§ **WHAT TO PRODUCE**
Could you write out the listing below exactly as it stands, leaving out the pictures?

§ **EXERCISE DATA**
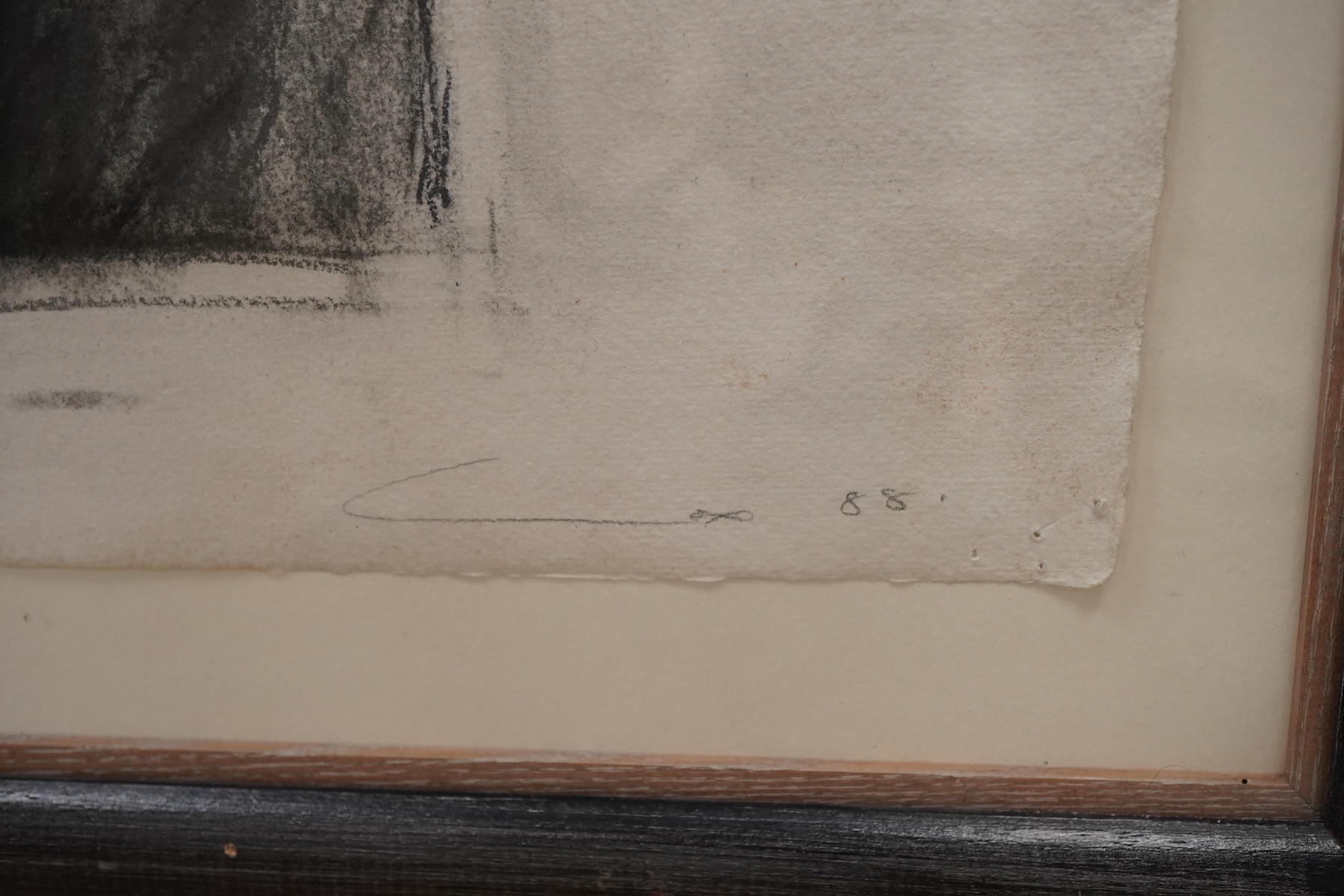 Stephen Cox (b.1946), Abstract studies for a sculpture, signed and dated '88, pair of charcoal sketches on paper, for the Ganapathi and Devi series, 38 x 30cm
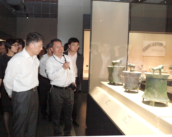 2015年6月12日下午,上海市委常委、市委统战部部长沙海林任团长的上海党政代表团一行,在云南省政府扶贫开发办公室领导陪同下参观我馆。我馆法人代表、主持工作副馆长戴宗品陪同参观并作了细致讲解,上海客人重点观看了古滇国青铜器,深深感叹云南先民创造的辉煌历史,领略了云南青铜文化的无穷魅力,客人们均表现出极大的兴趣。副馆长韦坚陪同参观。
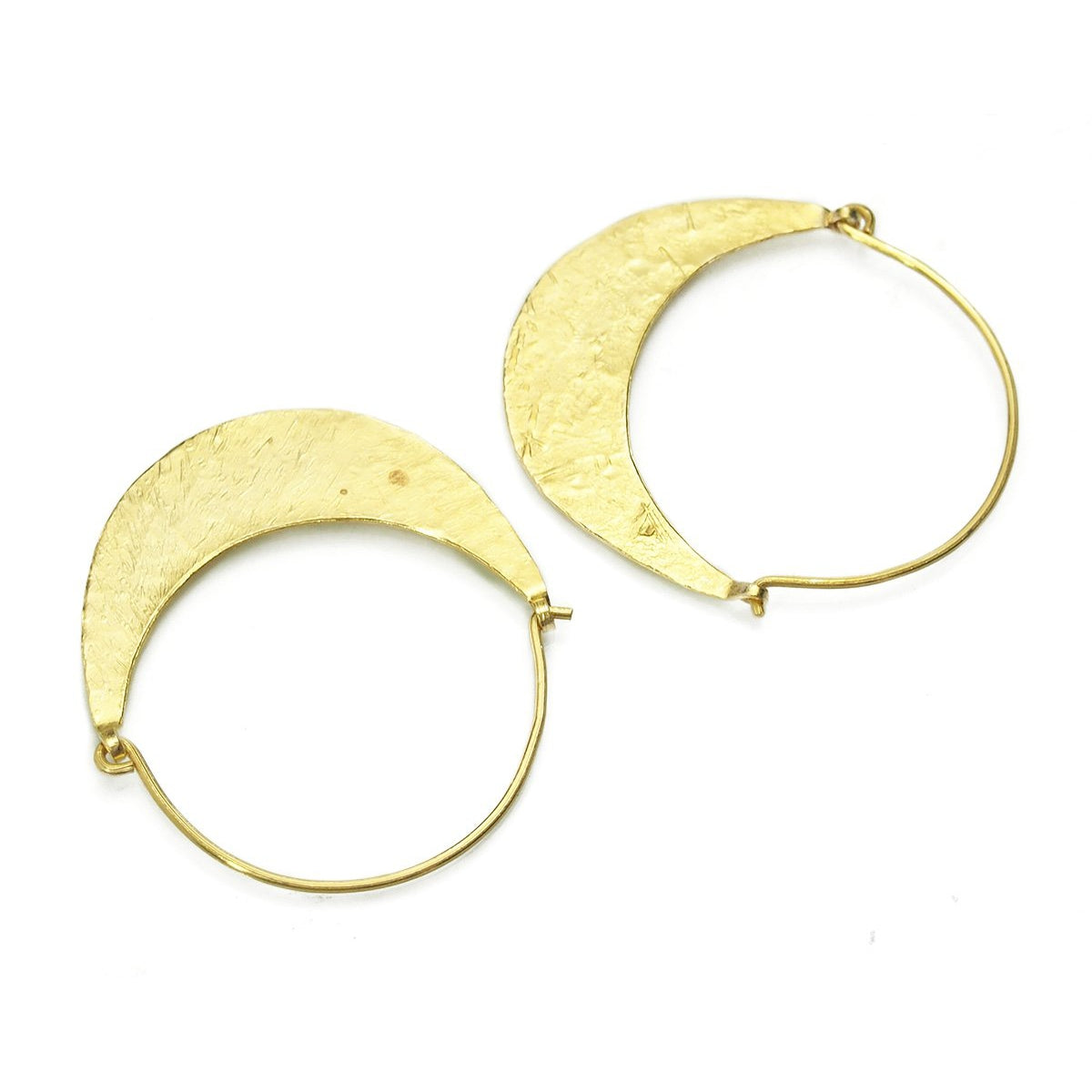 • Gold Vermeil over Sterling Silver Hand Hammered Flat Half Moon Hoop Earrings

§ **TASK SOLUTION**
 Stephen Cox (b.1946), Abstract studies for a sculpture, signed and dated '88, pair of charcoal sketches on paper, for the Ganapathi and Devi series, 38 x 30cm
 2015年6月12日下午,上海市委常委、市委统战部部长沙海林任团长的上海党政代表团一行,在云南省政府扶贫开发办公室领导陪同下参观我馆。我馆法人代表、主持工作副馆长戴宗品陪同参观并作了细致讲解,上海客人重点观看了古滇国青铜器,深深感叹云南先民创造的辉煌历史,领略了云南青铜文化的无穷魅力,客人们均表现出极大的兴趣。副馆长韦坚陪同参观。
 • Gold Vermeil over Sterling Silver Hand Hammered Flat Half Moon Hoop Earrings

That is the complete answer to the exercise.